= John Francis Hobler =

Jean-François Hobler (Morges, February 1727 - Soho, London, 25 June 1794 ) was a Swiss-born, naturalised-English, watchmaker.

He migrated from Switzerland to London in the early to mid 18th century, John Francis Hobler (as he was commonly known) married Charlotte Elizabeth Claudon, circa 1753.

A watch and clock maker based in Soho Square, he worked with his son Jean Paul Hobler. The Hobler & Son workshop was based in Porter Street in Newport Market. Their watches were renowned for the blending of Huguenot silver techniques with traditional watchmaking. A popular middle class accessory, Hobler watches were also exported to America and the East Indies.
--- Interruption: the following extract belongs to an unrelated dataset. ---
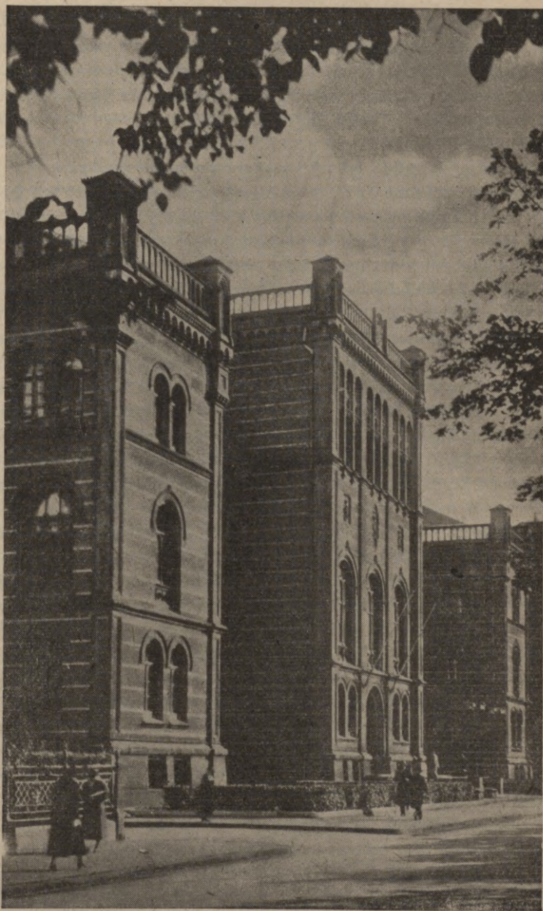
Latvijas Universitāte Rīgā.

John Francis Hobler and wife Charlotte had four children of whom two were well known throughout London aristocracy. Youngest son, James Francis Helvetius Hobler was the Principal Clerk to the Lord Mayors of London for more than 50 years. James Francis Hobler is mentioned in the writings of Charles Dickens and George Augustus Sala. His eldest son, Jean Paul Hobler, was a respected alto tenor who gave grand performances at Westminster Abbey, the Drury Lane Theatre and Coleman's Theatre.

Jean Francis Hobler is buried at St Anne's Church, Soho, London, England.